- [Available data]
---

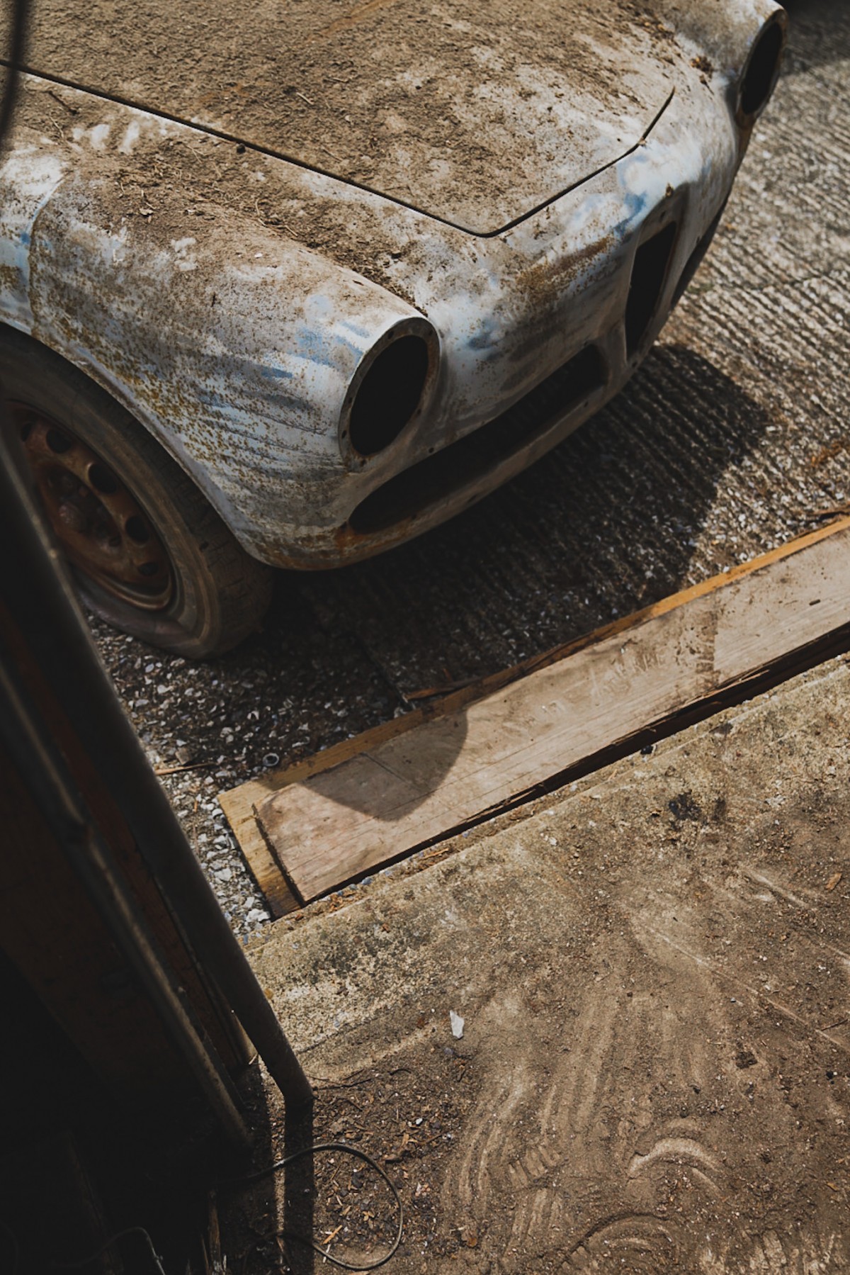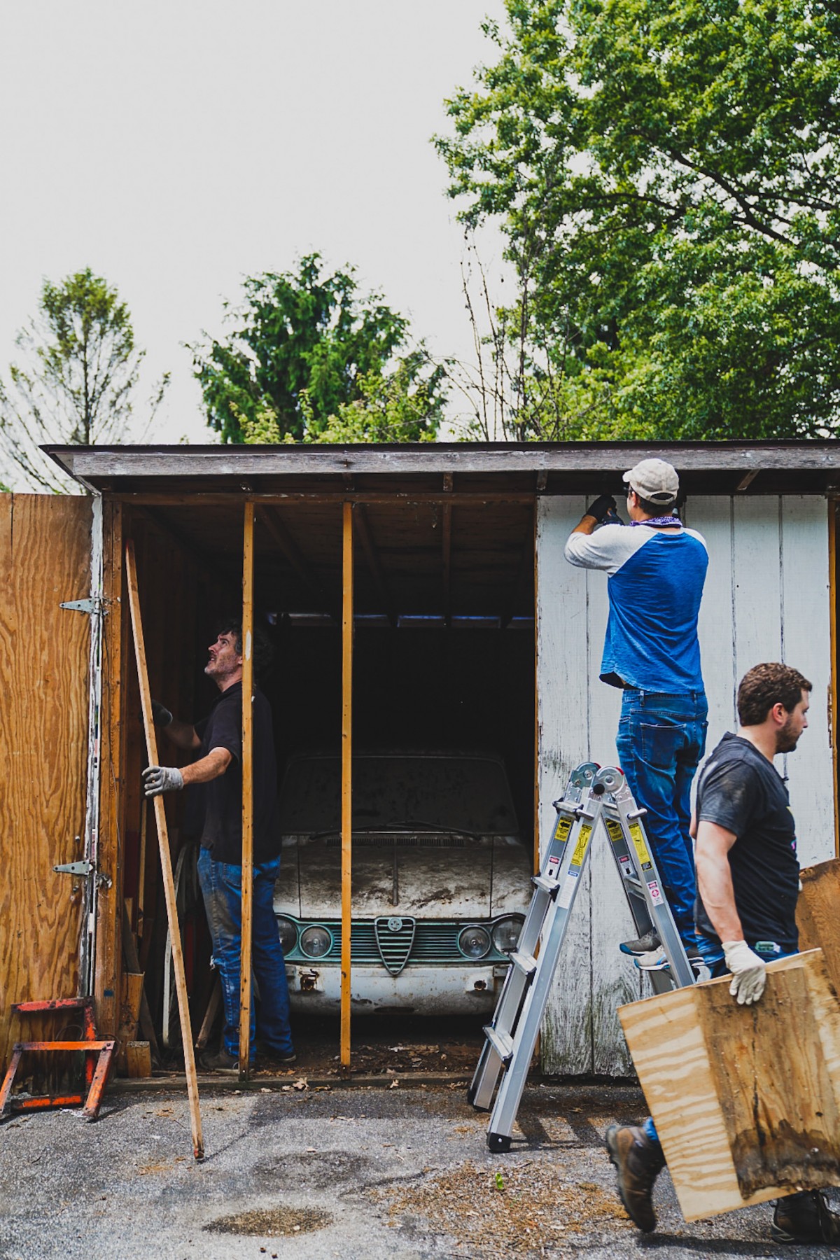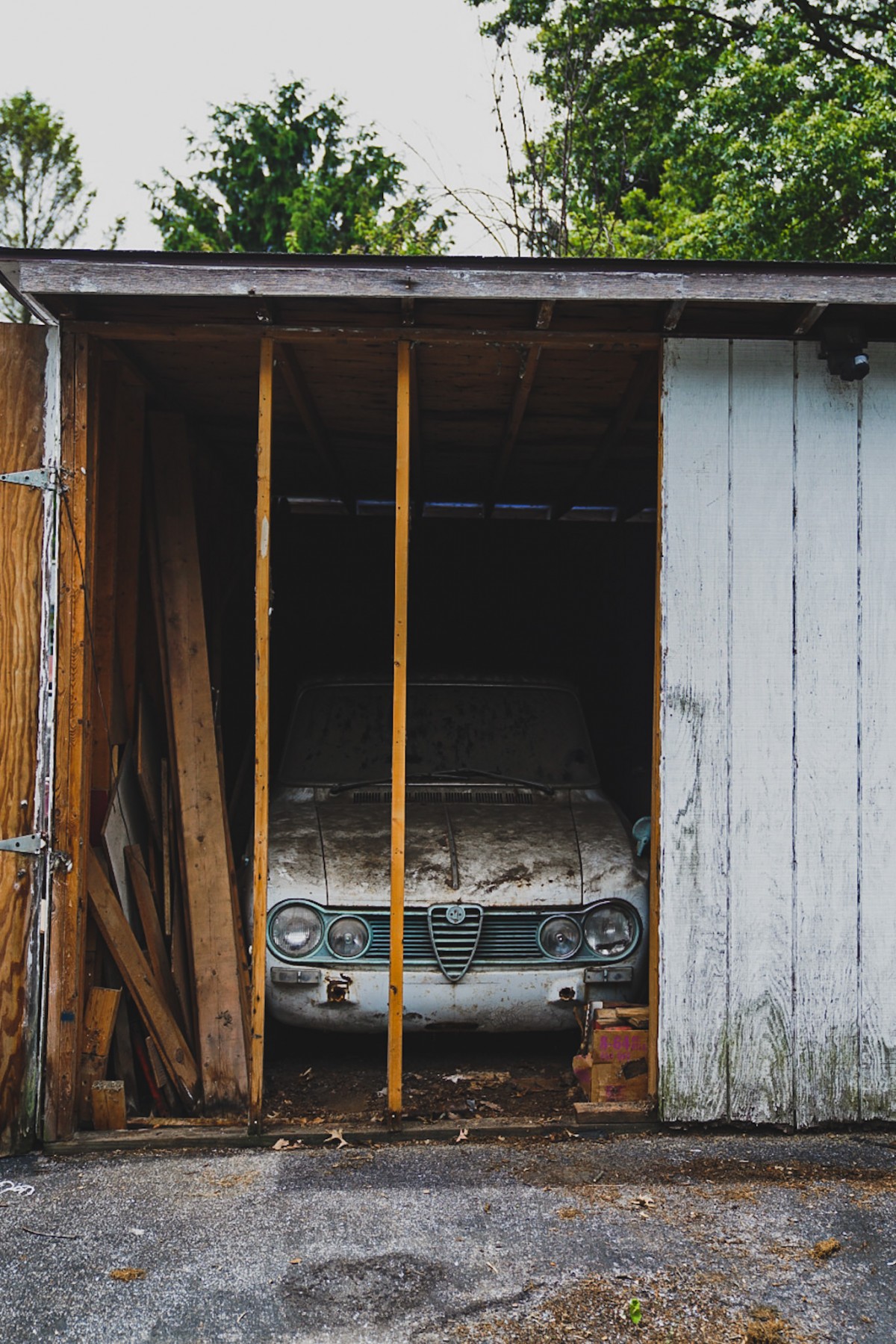 “The family member which he inherited the cars from quite literally entombed three of the five Alfas by building a barn around the cars then sealing them inside with 2×4’s and plywood/siding where there would normally be openings for the car to come in and out. The three entombed cars were a 1967 Giulia, 1969 Berlina, and 1976 Alfetta.”
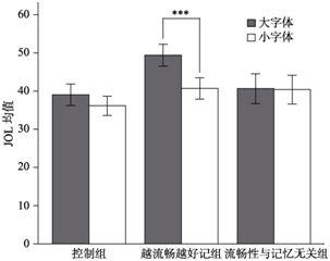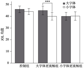 图2  实验1字体大小和组别的交互作用(图中误差线为标准误, ***表示p< 0.001)
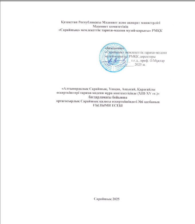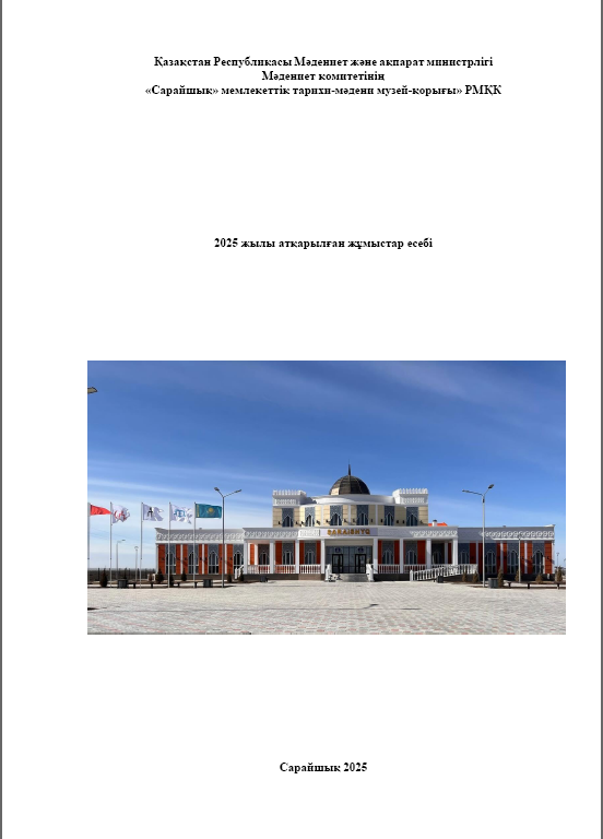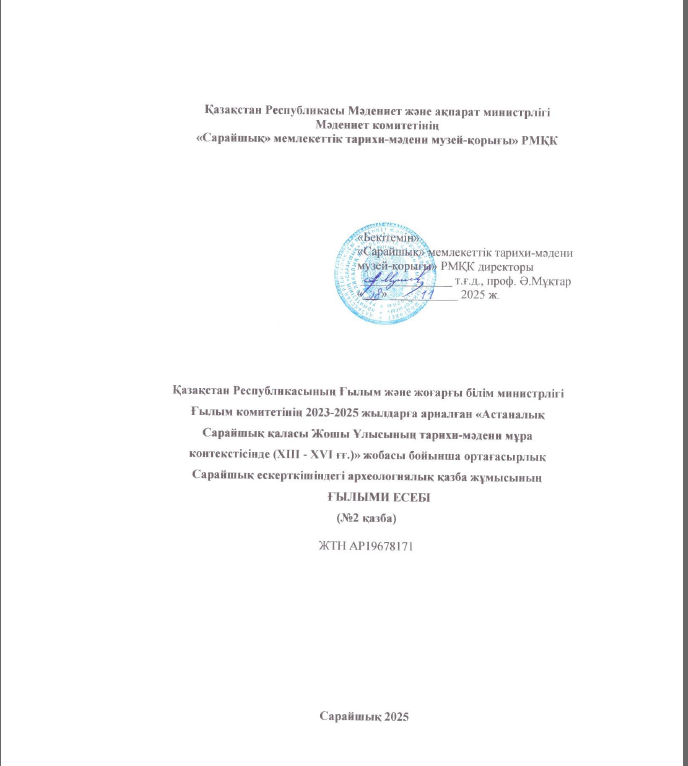| Қазақстан Республикасының Ғылым және жоғарғы білім министрлігі Ғылым комитетінің 2023-2025 жылдарға арналған «Астаналық Сарайшық қаласы Жошы Ұлысының тарихи- мәдени мұра контекстісінде (ХІІІ - ХVІ ғғ.)» жобасы бойынша ортағасырлық Сарайшық ескерткішіндегі археологиялық қазба жұмысының 2025 жылғы Ғылыми есебі (толық нұсқасы музей-қорықта сақталған) |
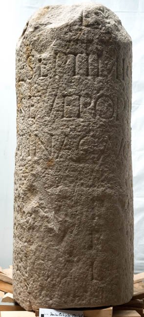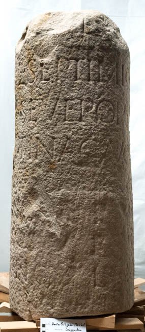 - [Imp(eratori) Ca]e[s(ari)] / L(ucio) Septimio / Severo Per/tinac(i) Aug(usto) / [[------]] / [[------]] / [[------]]/ano L(eugas) VII

---

- [Task brief]
Reproduce, word for word, the lines from the one containing "图2  实验1字体大小和组别的交互作用(图中误差线为标准误, ***表示p< 0.001)" through the final line above. Leave every picture out.

- [Written reply]
 图2  实验1字体大小和组别的交互作用(图中误差线为标准误, ***表示p< 0.001)
| Қазақстан Республикасының Ғылым және жоғарғы білім министрлігі Ғылым комитетінің 2023-2025 жылдарға арналған «Астаналық Сарайшық қаласы Жошы Ұлысының тарихи- мәдени мұра контекстісінде (ХІІІ - ХVІ ғғ.)» жобасы бойынша ортағасырлық Сарайшық ескерткішіндегі археологиялық қазба жұмысының 2025 жылғы Ғылыми есебі (толық нұсқасы музей-қорықта сақталған) |
 - [Imp(eratori) Ca]e[s(ari)] / L(ucio) Septimio / Severo Per/tinac(i) Aug(usto) / [[------]] / [[------]] / [[------]]/ano L(eugas) VII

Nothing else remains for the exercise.